Ela relaxa ao olhar para mim, dando um sorriso triste.
— Você está bem mesmo? — pergunta.
Faço que sim enquanto Atlas aperta minha cintura, dizendo silenciosamente que está aqui comigo.
— Achamos vocês.
Fecho os olhos por três segundos ao ouvir a voz fingida da minha mãe e tento relaxar ao abri-los outra vez.
Mamãe está elegante em seu vestido, um sorriso simpático no rosto, mas eu a conheço bem o suficiente para saber o que tem por trás da sua máscara. Papai segue no mesmo caminho, de terno e parecendo um homem decente.
— Sentimos muito por aparecer sem avisar — mamãe continua. — Mas quando Portia disse que estaria aqui, imaginamos que o convite fosse para toda a família.
— Certamente — a Sra Campbell diz, com um certo veneno na voz.
— Espero que o incidente de semanas atrás esteja no passado — papai diz. Sinto que dou um passo para trás ao ouvir sua voz.

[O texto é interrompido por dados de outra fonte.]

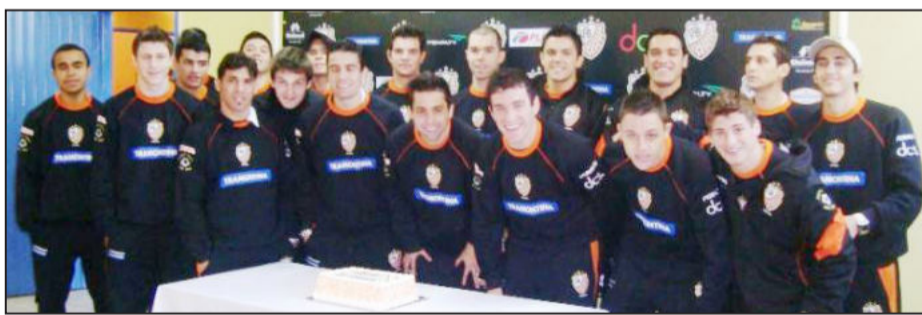
ACBF recebeu homenagem da Plimor

A Transportadora Plimor é patrocinadora Oficial da ACBF desde o início da temporada 2011. Neste período, o clube de Carlos Barbosa já chegou a dois grande títulos: a inédita Superliga de Futsal, em Betim/MG, o Tricampeonato da Copa Libertadores da América de Futsal, em Encarnación - Paraguai, além do vice-campeonato Mundial de Futsal, em Alcalá de Enares - Espanha.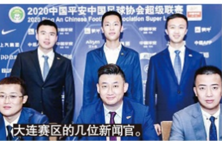
大连赛区的几位新闻官。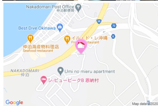
【バス停】仲泊／徒歩約12分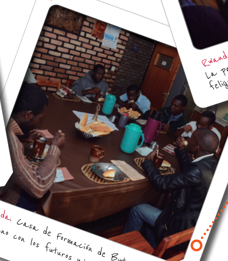
Rwanda. Casa de Formación de Butare. Desayuno con los futuros misioneros.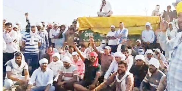
गुना : कलेक्ट्रेट में किसानों का हंगामा, गेट के कांच फूटे

जागरण, हरदा/गुना/विदिशा। प्रदेश में अव्यवस्थाओं को लेकर किसानों का आक्रोश भड़क रहा है। बुधवार को हरदा में गेहूँ खरीदी के दौरान अचानक तुलाई रुकने पर किसान भड़क गए। गुना में खाद की किल्लत पर कलेक्ट्रेट में किसानों का आक्रोश दिखा तो विदिशा जिले में चने और मसूर की तुलाई में देरी होने पर किसानों का सन्न जवाब दे गया। हरदा में समर्थन मूल्य पर गेहूँ खरीदी के दौरान अव्यवस्थाओं को लेकर किसानों ने हरदा-खंडवा स्टेट हाईवे पर ट्रैक्टर-ट्रॉली खड़े कर चक्काजाम कर दिया। विवाद पलासनेर स्थित अमृता वेयरहाउस उपार्जन केंद्र से शुरू हुआ। यहां भंडारण क्षमता पूरी होने का हवाला देकर अचानक गेहूँ की तुलाई रोक दी। इसके बाद किसानों को दूसरे वेयरहाउस शिफ्ट होने का निर्देश दिया, जिससे वह भड़क गए और हाईवे पर आवागमन ठप कर दिया। प्रदर्शन कर रहे किसानों का आरोप था कि प्रशासन उन्हें संस्कृति वेयरहाउस भेज रहा है, जबकि वहां भी भंडारण की पर्याप्त जगह नहीं है और अव्यवस्थाएँ हैं। किसानों का कहना है कि बार-बार केंद्रों के चक्कर काटने से उन्हें आर्थिक नुकसान और मानसिक परेशानी का सामना करना पड़ रहा है।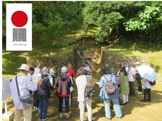
玉城朝薫の墓からスタートです。所在地はモノレール経塚駅から北へ徒歩5分です。

（本市経塚の朝薫が眠る墓（邊土名家の墓）から、那覇市末吉公園にある組踊生誕三〇〇年記念碑、首里城、「国立劇場おきなわ」などを訪ねました。組踊上演の舞台となった首里城御庭では、琉球芸能研究家の大城學先生より、王国時代の様子を解説いただきました）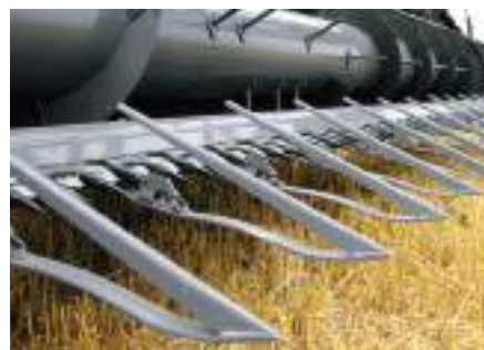
Freeflow asztal terményemelővel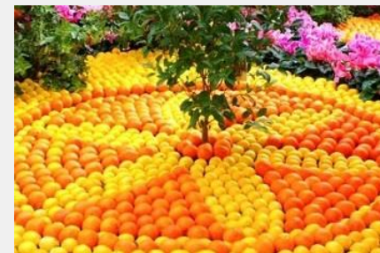
la Fête du Citron, sortie 59, La Provençale (A8), fin février / début mars

promouvoir une actualité locale (festival, événement, etc.)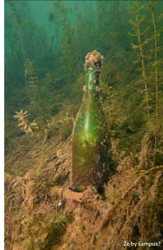
Že by šampus?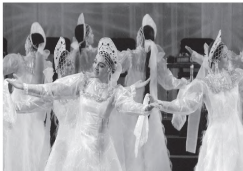
Рӯзи Тоҷикистон дар ЮНЕСКО, Париж, октябри соли 2005. «Ансамбли «Зебо»

Дар ибтидои асри XXI ин робитаҳо бо мамлакатҳои дуру наздики ҷаҳон дар самтҳои тайёр кардани мутахассисони баландихтисос аз байни ҷавонон; гузаронидани рӯзҳо ва ҳафтаҳои фарҳангу санъат; иштирок дар спартакиадаҳо, олимпиада ва ҳар гуна мусобиқаҳои варзишӣ байни давлатҳо; ширкат дар конференсҳо, симпозиумҳои байналмилалӣ ва ғайра амали гардонда шуданд. Масалан, ба варзишгарони Ҷумҳурии Тоҷикистон танҳо дар давраи соҳибистиклолӣ муяссар шуд, ки мустақилона дар ҳаракати варзишӣ ва олимпиадаи давлатҳои мусулмонӣ иштирок намоянд. Моҳи апрели соли 2005 дастаҳои варзишии Тоҷикистон дар олимпиадаи мамлакатҳои мусулмонӣ, ки дар Арабистони Саудӣ барпо гардида буд, иштирок намуда, ба унвон ва тухфаҳо ноил гардиданд.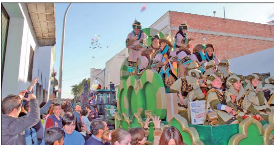
El rey Gaspar fue uno de los más aclamados durante el cortejo. Caramelos, juguetes o balones son solo algunos de los regalos que repartió su carroza.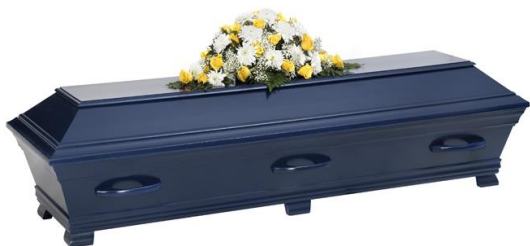
Kista i furu, lackad i solidfärg, midnattsblå (Hovdala)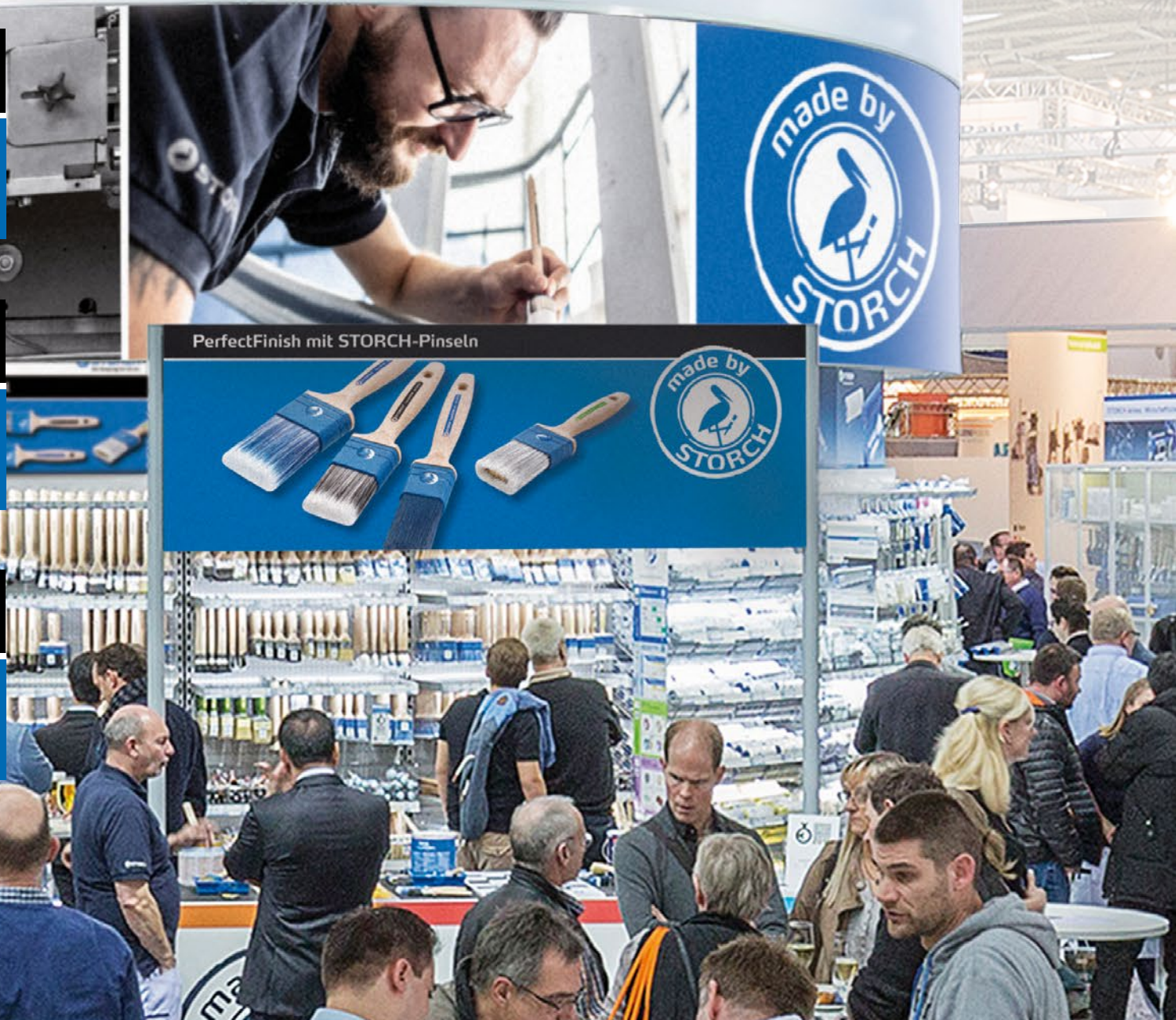
PerfectFinish mit STORCH-Pinseln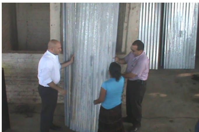
Entrega de láminas en Cantón Metalío municipio de Acajutla.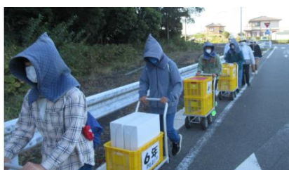
2校1園合同第1次避難訓練

前期防災集会では、防災活動のめあてを決め、後期防災集会では、活動のまとめを各学年が発表し次年度へつなげます。こうして先輩から後輩へ防災の学びは引き継がれています。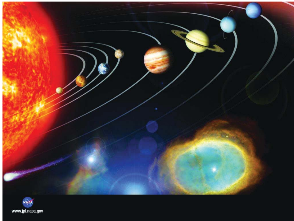
图：牛顿反问道：真正的太阳系原型比模型不知精巧多少倍，难道竟然无须造物主造就，通过无数个偶然叠加就能产生？

合乎逻辑的推理会帮助人们突破思维的框框，改变人的固有观念，看透事物本质和事实真相。例如，牛顿晚年全身心研究神学后，有个信奉天演论（认为宇宙是若干年无序运动、无数个偶然促成产生）的朋友到家做客，看到客厅里有个太阳系模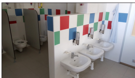
Nová 3. třída mateřské školy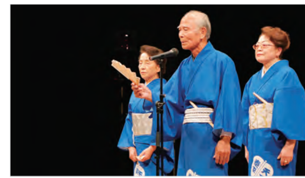
▲ステージ発表(相撲甚句)

11月19日、20日の2日間、北アルプス文化センターで「フレアールかみいちフェスティバル」が開催されました。働く婦人の家で開講されている各講座で、「自分らしく輝こう!」をモットーに学ぶ皆さんが制作した作品展示やステージ発表などが行われ、多くの来場者で賑わいました。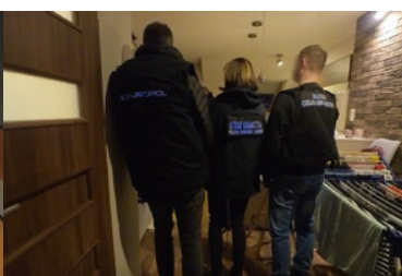
Przeszukanie jednej z lokalizacji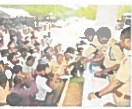
లాభాలకు మొబైల్ అందరికీ ఉపయోగపడతాయి

వెబ్సైట్లో చూడాలి. ఇక్కడ, కాంట్రాక్టు సులభంగా చేసే పోలీస్ పరిస్థితిని పరిష్కరించేందుకు మొబైల్ మిస్సయ్యిందా అనే పేరుతో ప్రైవేట్ కంపెనీలు ఏర్పాటు చేశాయి.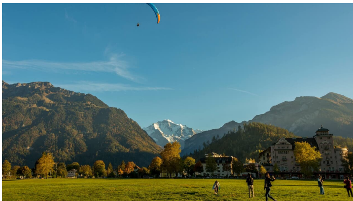
interlaken-twin-paragliding-jungfrau-berge-sommer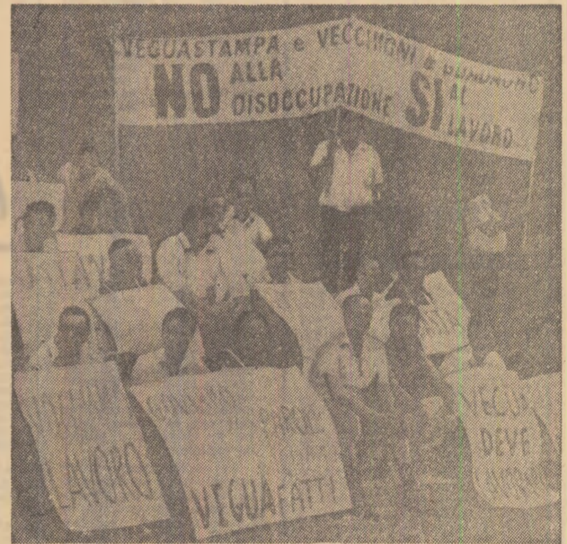
Demonstrație la Roma împotriva șomajului, pentru crearea de noi locuri de muncă

Înundațiile și alunecările de teren care s-au produs în ultimele zile în Nepal au provocat moartea a peste 500 de persoane, anunță agenția France Presse. Regiunile care au avut cel mai mult de suferit de pe urma calamităților naturale sînt cele din estul și vestul țării.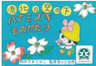
「港北の空の下 ハナミズキものがたり」

区制80周年記念事業として制作しました。日米友好の花「ハナミズキ」がどうして区の花になったのかわかりやすく描かれています。「たまたまばこ」の皆さんの集大成です。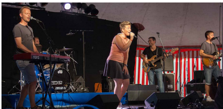
Bandet Kamikarse spiller dansemusik efter middagen.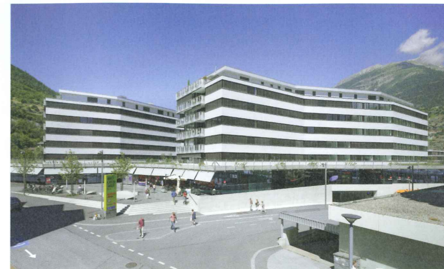
Wohn- und Geschäftshaus Brückenweg in Visp, 2013.

Mit der Erfahrung in städtebaulichen Entwicklungen konnte das Team auch bei zwei Grossprojekten auf dem Erlenmatt-Areal in Basel überzeugen. Die Entwicklung des Geländes des ehemaligen Deutschen Rangierbahnhofs begann vor 20 Jahren. Viele Rahmenbedingungen erschwerten die Vorgehensweise. Nach fast zehn Jahren politischer Abklärungen konnten mit dem Bebauungsplan die einzelnen Baufelder verkauft werden. Nach dem Verkauf begann erneut die Aufteilung. Der Gesamtentwickler Losinger Marazzi lud für das Baufeld G zu einem Studienauftrag ein. Steinmann & Schmid überzeugten mit einer einheitlichen, grossformati-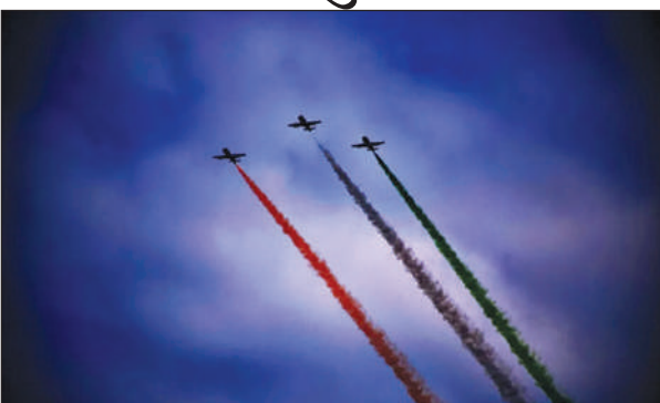
भारतयारि एयारबेटिक्स लिमिटेडनि गेजेरखौ डिजाइन गोनां मोनफ्रोम बोथोराव माल्टि मिशनआव जाफुंसार हेलिकप्टरफोरा दड। हेलिकप्टरफोरनि जर 'खाथे बेखौ सान्थियारि बिफानफोरनि थाखाय बाहायजाथाव खालामनाय जादों। रैखाथि बिफानआ फोरमायनाय बायदिल्ला सारं डिस्प्ले टीमआ मुलुगानडे 385 निखुड बांसिन जायगाफोराव 1200 निखुड बांसिन खेव गावनि दावहानि हुदाखौ दिन्थिखांबाय। एयार स्व 'खौ खुंनाय एक्सपिरियानि एमडि लोक चेत लेमआ फोरमायोदि, बे हाबाफारियाव एयारबेस, बिएइ सिस्टेम्स, बई, एफिक, कमेक, रात्स रायस बायदि मुलुगानि मोन 20 जौसिन थाखोनि उरं जाहाज कम्पानीफोरा चीन, चेक गन' यइज्यो आरो करिया बायदि दर 16 हादतफोरखौ बाहागो लाहोगोन।

सिंगापुर, 19 फेब्रुवारी: भारतयारि अखांमा सान्थिनि सारं एयारबेटिक टीमआ मंगलबारनिफ्राय थांखि लानाय सिंगापुर एयार स्व 'आव गोखेडौ एयारबेटिक्स दावहानि हुदाखौ दिन्थिनो थाखाय थियारि जाबाय। सांणि दिन्थिग्रा फिरेआव फेंगौ 20 निफ्राय 25 फेब्रुवारीसिम खुंनो लानाय सानबानि बे हाबाफारियाव दं 50 निखुड बांसिन हादतफोर आरो ओन्सोलफोरनि बांसिन कम्पानीफोरा बाहागो लागोन। सुलुडाव फोरमायनाय बायदिल्ला थांनय 2003 आव दानाय सारं हेलिकप्टर डिस्प्ले हान्जाया गावसोरनि गिबि हाविमायारि अखांमा सान्थिनि सारं हेलिकप्टर डिस्प्ले टीमनि सा 71 जवानफोर थांनय मोनसे हान्जाया गं 5 सरासन्ना हेलिकप्टर (एएलएच) जों लोगोसे मेगा हाबाफारियाव बाहागो लागोन।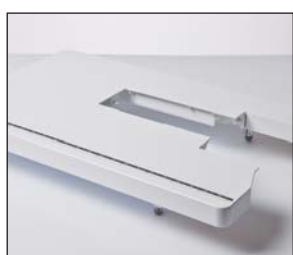
Table d'extension extra-large

Recommandée pour toutes les applications nécessitant une plus grande visibilité. Sa large ouverture permet divers positionnements de l'aiguille à gauche et à droite.

— O senhor perdoa tão rápido — Atlas fala, me surpreendendo com seu sarcasmo não habitual.
Papai e Atlas se encaram por um momento, o primeiro com certeza não tendo esquecido que o segundo lhe socou a cara várias vezes. E na frente de uma igreja.
Mamãe pigarreia, sendo a mediadora.
— Fallon, querida, você está linda — diz. Sinto meu estômago revirar com a sua aprovação. — Temos sentido a sua falta.
— Tenho certeza que sim — digo, tentando não murmurar.
Papai semicerra os olhos para mim, provavelmente achando a minha reposta imprudente e merecedora de castigo.
Com o peso do seu olhar, eu tenho certeza que dessa vez dou um passo para trás.
— Eu preciso ir ao banheiro. — Sorrio, então tento me afastar deles sem parecer que estou fugindo.
Venho parar no corredor onde Atlas e eu estávamos momentos antes.
Com as costas na parede, fecho os olhos, pondo as mãos na barriga. Inspiro.
— Um, dois, três, quatro, cinco... — Expiro.
Faço isso de novo e de novo.
Eu disse que estava bem, mas fiquei boa em mentir ao longo dos anos.
Eu odeio que apenas a presença deles me deixe vulnerável. Eu queria ser forte e lembrar de tudo o que a minha psicóloga disse além dos exercícios de respiração, mas minha mente está vazia.
— Ei.
Abro os olhos ao ouvir a voz de Atlas, encontrando-o me encarando. Eu já esperava que ele ou Portia viesse atrás de mim.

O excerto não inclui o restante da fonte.